All files needed for this part of the tutorial can be found in the FreeEnergyTechniques folder in FreeEnergyTechniques.zip. Each part of this tutorial has its own directory which itself contains a folder called files_DIY. There you can find the necessary files to follow the tutorial. For the second and the third part (umbrella sampling and thermodynamic integration) we also provide a worked version in the folder files_worked.

Open a terminal, download the .zip file, and unpack it:

wget https://cgmartini-library.s3.ca-central-1.amazonaws.com/0_Tutorials/legacy_material/martini2/FreeEnergyTechniques.zip
unzip FreeEnergyTechniques.zip

Free sampling

The first method for determining the logarithm of the partition coefficient P of a molecule between two different solvents (e.g. hexadecane and water) makes use of an unbiased CG-MD simulation. The \(log(P_{water-hexadecane})\) can be calculated by comparing the occupancy of your molecule of interest in the two phases. This yields the ratio of the time the molecule spends in each phase – the partition coefficient P – which can be used to calculate the free energy difference between the phases by making use of the statistical mechanics definition of Gibbs free energy \(\Delta G\).

\[ \Delta G = -RTln(P) \]

\(\Delta G\): free energy
\(R\): gas constant
\(T\): absolute temperature
\(P\): partition coefficient = occupancy hexadecane/occupancy water

In this tutorial we will try to find the \(log(P_{water-hexadecane})\) for acetone. In Martini 3 refular beads make use of a 4-to-1 mapping of non-hydrogen atoms, therefore a single regular bead is sufficient to represent acetone. Thus, the CG model is rather simple as it does not contain any bonded interactions. We only need to select the right bead type to represent the non-bonded interactions.

In Martini 3, acetone is best represented by an N5 bead, reflecting its intermediate polarity. Additionally, since the carbonyl group in acetone can act as a hydrogen bond acceptor, we assign it the ‘a’ label. The final bead type for acetone is thus N5a.

**Figure 1 |** Acetone (2-propanone) represented by a N5a bead in the Martini force field.

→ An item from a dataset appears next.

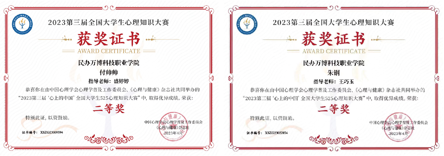 校党委委员☠️、副校长马赞担任本次参赛活动的负责人及总指挥🚘、学工部部长江仁昆担任副总指挥,各二级学院党支部书记、学管负责人担任组长。在各级领导的大力支持下❔,彩神Vll知识竞赛成绩最终位列本次大赛第11名,荣获2023第三届全国大学生心理知识大赛“优秀组织单位奖”🍑;唐中海、杨晓芸、司斌斌🧑🏻🌾、陈小虎👩🏫👩🏼🏫、高嵩等十多位老师获得“优秀指导老师奖”;陶广英🤚🏻、徐周楠等多位同学入选卓越志愿者,辛雨💖、王璇等多位同学入选杰出志愿者,付帅帅、宣萱等同学入选优秀志愿者;彩神Vll共667名同学获奖,其中一等奖159人🧑🏻🅰️,二等奖91人🧕🏼,三等奖71人✳️,优秀奖105人,最佳参与奖241人🛶。

All files needed for this part of the tutorial can be found in the 1_FreeSampling/files_DIY/ folder, in the .zip file you downloaded. Inside the 1.0.parameters you will find the following files used for the simulation:

bead_template.itp: the topology file for the bead to be partitioned
martini_em.mdp: the input settings for energy minimization
martini_eq.mdp: the input settings for equilibration
martini_run.mdp: the input settings for the production run
martini_v3.0.0_solvents_v1.itp: forcefield description of solvents, including water and hexadecane
martini_v3.0.0.itp: general forcefield description

Enter the 1.0.parameters folder and modify the bead_template.itp file. Change the bead type to N5a for acetone. Do not forget to save after you have made your changes.

cd 1_FreeSampling/files_DIY/1.0.parameters
vim bead_template.itp

Now we are ready to prepare our simulation. Enter the 1.1.simulation directory.

cd ../1.1.simulation

There you will find hexadecane_w.gro which defines the initial state of our system. In this case, the simulation box is equally divided between water and hexadecane. Additionally, 21 acetone molecules are places randomly in the box. This allows the beads to explore both solvent phases in an unbiased manner.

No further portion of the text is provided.